Insektenzucht könnte Treibhausgase massiv reduzieren

Soldatenfliegen, die sich von Tierdung ernähren, könnten als Proteinquelle für Nutztiere weltweit erheblich zur Entlastung der Umwelt beitragen. Eine internationale Studie mit österreichischer Beteiligung zeigt: Die Technologie könnte Millionen Hektar Agrarfläche einsparen und den Treibhausgasausstoß drastisch senken.
Ein internationales Forschungsteam unter chinesischer Leitung hat das Potenzial der Insektenzucht als Alternative zu herkömmlichen Futtermitteln untersucht. Mit dabei war Shaohui Zhang vom Internationalen Institut für angewandte Systemanalyse (IIASA) in Laxenburg. Die im Fachjournal „PNAS“ veröffentlichte Studie kommt zu dem Schluss, dass ein weltweiter Einsatz dieser Technologie nicht nur Treibhausgase vermeiden, sondern auch den Verbrauch von Stickstoffdünger deutlich verringern könnte.
Der wachsende Bedarf an tierischen Proteinen hat global zu einer Ausweitung der Viehhaltung geführt.
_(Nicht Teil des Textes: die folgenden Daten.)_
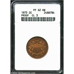 1873 2C Closed 3 PR62 Red and Brown ANACS. Bright orange-gold color, with a blush of ruby-red hues near the denomination. Exquisitely struck and well preserved for the grade. The reverse has a miniscule carbon fleck. A proof-only issue from the final year of the denomination.From the Dr. Richard Tavernetti Collection. Important notice: We expect to be auctioning lots at the rate of 200-250 per hour. On occasion eBay live bid software cannot keep up with the pace of the auctions where 4-5 lots per minute can hammer down, so we recommend that you place a realistic absentee bid now as insurance to avoid disappointment. Also please note that all Heritage/CAA lots purchased through eBay Live carry a 20% Buyer's Premium. Please make sure you read the Terms and Conditions.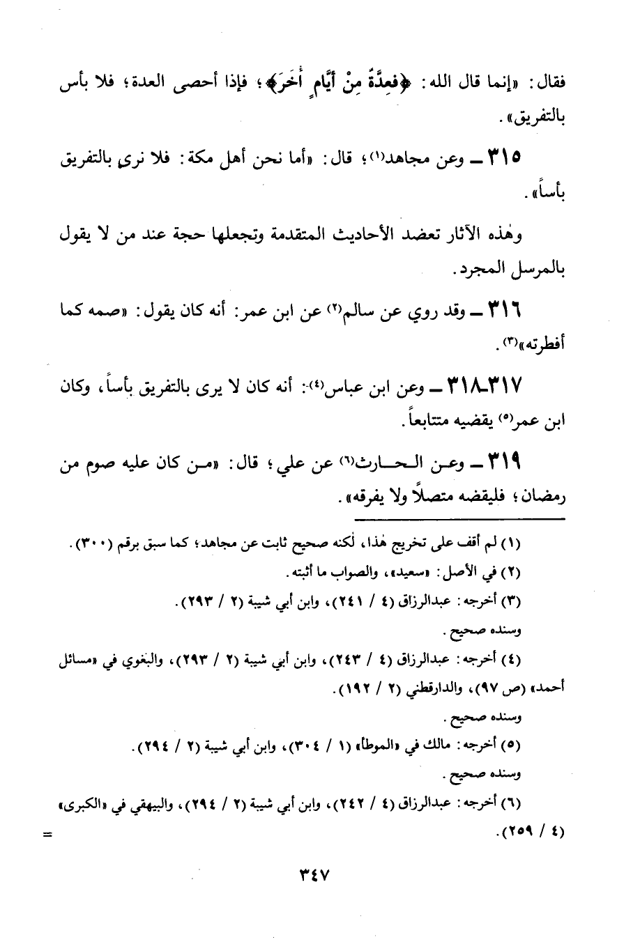 315 - وعن مجاهد؛ قال: «أما نحن أهل مكة: فلا نرى بالتفريق بأساً».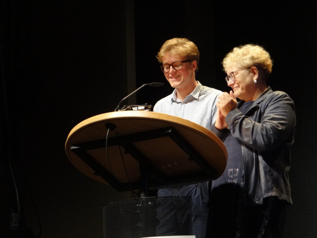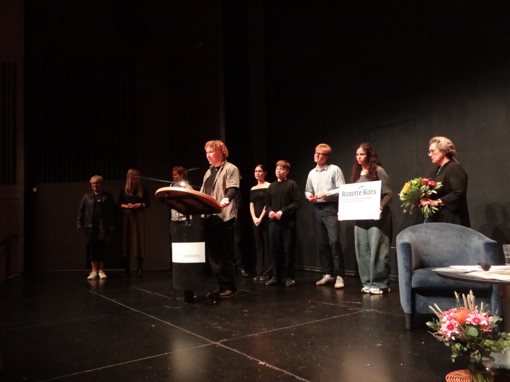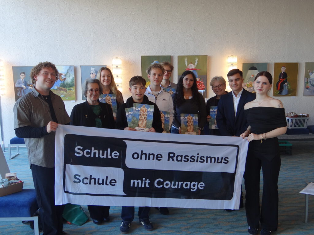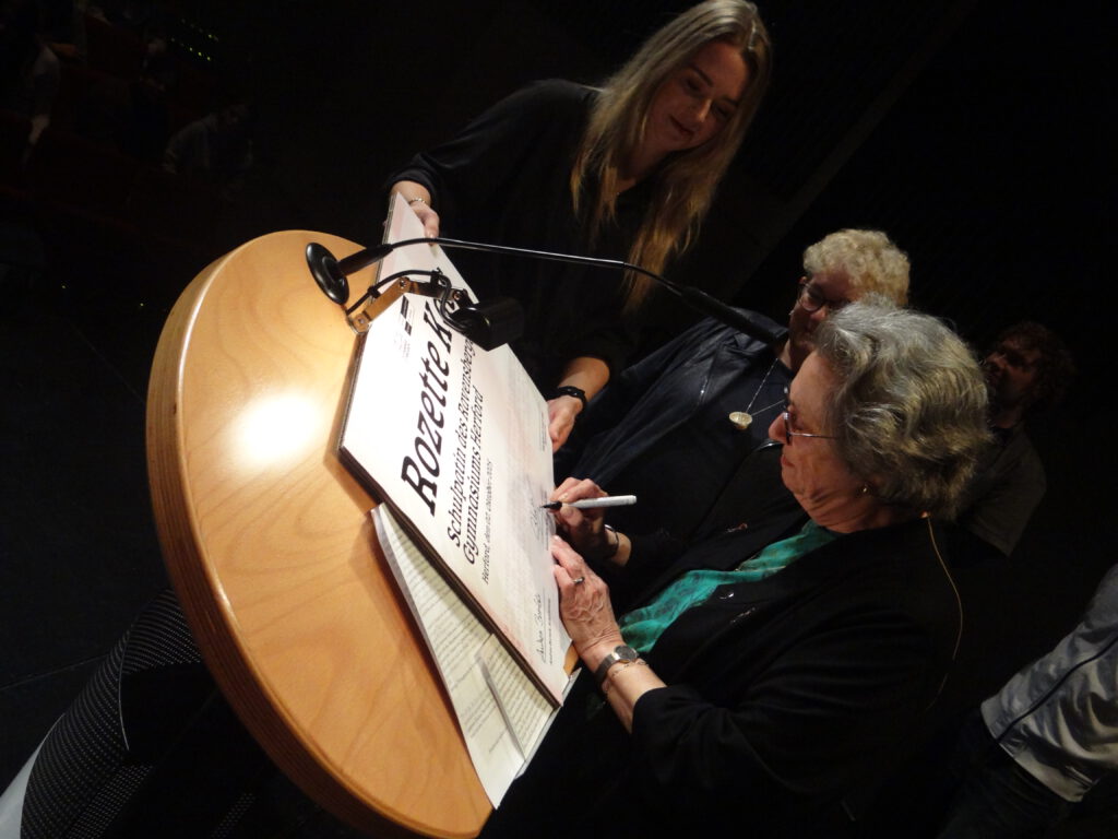 Raphaela Kula und Fritz Bornemeyer unterstützten die Organisation und Ausgestaltung der Veranstaltung. Als Atelier Ostbahnhof haben sie bereits verschiedene Gedenkveranstaltungen mit Rozette Kats durchgeführt. Zum Ende der Veranstaltung unterzeichneten die Schülerinnen und Schüler der SoR-AG, Rozette Kats und Andrea Bartels die Patenschaftsurkunde und besiegelten damit die Patenschaft der Holocaustüberlebenden für das „Schule-ohne-Rassismus“-Projekt am Ravensberger Gymnasium.

Die damit verbundene Futtermittelproduktion verursacht zahlreiche Umweltprobleme: Naturnahe Flächen werden in Ackerland umgewandelt, Regenwälder weichen Weideflächen, und der Einsatz von stickstoffhaltigem Kunstdünger belastet Böden und Gewässer.
Soldatenfliegen verwerten Tierdung
Die Wissenschafter um Baojing Gu von der Zhejiang University in Hangzhou setzten in ihren Berechnungen auf die Soldatenfliege (Hermetia illucens). Diese Insektenart ernährt sich von Tierdung und wird bereits kommerziell gezüchtet – auch in der EU ist die Verwendung ihrer Larven als Nutztierfutter zugelassen. Die Analyse umfasste Modelle zur globalen Nutztierhaltung, Landnutzung und Handelsströmen in 166 Ländern.
Tierausscheidungen gelten seit jeher als nährstoffreiche Ressource. Während das Konzept, Insekten mit Dung zu füttern, zunächst ungewöhnlich klingen mag, entspricht es dem Prinzip der traditionellen Düngung mit Jauche, auf der Feldfrüchte gedeihen.
Millionen Hektar Agrarfläche könnten frei werden
Laut der Studie könnte ein flächendeckender Einsatz der Insektenzucht jährlich rund 4,2 Millionen Tonnen tierisches Protein erzeugen. Dadurch würden bis zu 45 Millionen Hektar landwirtschaftlicher Fläche eingespart, die derzeit für die Futtermittelproduktion genutzt werden. Insgesamt könnte die Technologie etwa acht Prozent der jährlichen Futterproduktion für die Viehzucht ersetzen.
Die Umwelteffekte wären erheblich: Die Stickstoffemissionen würden um geschätzte sechs Millionen Tonnen pro Jahr sinken, die Nitratbelastung um elf Prozent. Besonders bedeutsam ist die mögliche Reduktion des Treibhausgasausstoßes um rund 1.300 Millionen Tonnen CO2-Äquivalente jährlich. Würde der von den Insekten teilweise verwertete Dung anschließend als Dünger auf Feldern ausgebracht, ließen sich zusätzlich 25 Millionen Tonnen synthetischer Dünger einsparen.
Wirtschaftlicher Nutzen übersteigt Investitionen deutlich
Die Forschenden haben auch die ökonomische Seite beleuchtet: Der Aufbau einer globalen Insektenproduktion würde Investitionen von etwa 25 Milliarden Dollar (rund 21,5 Milliarden Euro) erfordern. Dem stünde ein ökonomischer und ökologischer Nutzen von rund 226 Milliarden Dollar (etwa 195 Milliarden Euro) gegenüber.
Besonders in wärmeren Ländern sei die Insektenzucht vielversprechend, da sie dort mit geringem zusätzlichem Energieaufwand betrieben werden könne. Um das Potenzial tatsächlich zu nutzen, seien allerdings koordinierte Anstrengungen erforderlich. Gelinge dies, stünde eine kostengünstige Alternative zur Verfügung, die dem Prinzip der Kreislaufwirtschaft entspreche und auf die Umweltprobleme der Gegenwart zugeschnitten sei, so die Forschenden.